Published on August 29, 2005 at 6:34 PM · No Comments

Using information hidden in the beat-to-beat changes of the heart's electrical signals, researchers at Beth Israel Deaconess Medical Center (BIDMC) have developed an inexpensive method to assess the stability and quality of sleep, which could be used to help understand the mechanisms of sleep control and diagnose sleep disorders, as well as to test the efficacy of sleep aids and other medications.

Known as a "sleep spectrogram," the novel graph is based on data obtained solely from a simple electrocardiogram (ECG). The spectrogram is described in a study in the Sept. 1 issue of the medical journal Sleep, which currently appears on-line.

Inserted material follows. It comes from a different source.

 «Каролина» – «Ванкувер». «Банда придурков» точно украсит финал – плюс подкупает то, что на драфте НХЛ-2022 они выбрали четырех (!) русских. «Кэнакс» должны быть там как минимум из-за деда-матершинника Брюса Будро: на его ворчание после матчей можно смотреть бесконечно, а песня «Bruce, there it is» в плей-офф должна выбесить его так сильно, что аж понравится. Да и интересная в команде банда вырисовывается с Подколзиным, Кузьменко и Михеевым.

"This new ECG-based approach is important because it promises to provide an affordable and readily achievable way to monitor sleep stability in a wide range of conditions, including sleep apnea, depression, fibromyalgia, heart failure and stress," explains cardiologist Ary Goldberger, MD, Director of the Margret & H.A. Rey Institute for Nonlinear Dynamics in Medicine and the study's senior author.

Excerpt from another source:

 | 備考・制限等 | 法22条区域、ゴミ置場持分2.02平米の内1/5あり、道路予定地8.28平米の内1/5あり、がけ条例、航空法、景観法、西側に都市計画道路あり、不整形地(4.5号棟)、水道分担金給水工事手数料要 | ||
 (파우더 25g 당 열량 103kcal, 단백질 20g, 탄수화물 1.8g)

The new study, led by sleep researcher Robert Thomas, MD, of BIDMC's Division of Pulmonary, Critical Care and Sleep Medicine, identified two distinct types of behavior exhibited throughout the course of a person's sleep, the first being stable and restful, the second being unstable and aroused. The results show that conventional approaches to categorize non-REM (non-rapid-eye-movement) sleep into grades of depth do not capture this potentially important dimension.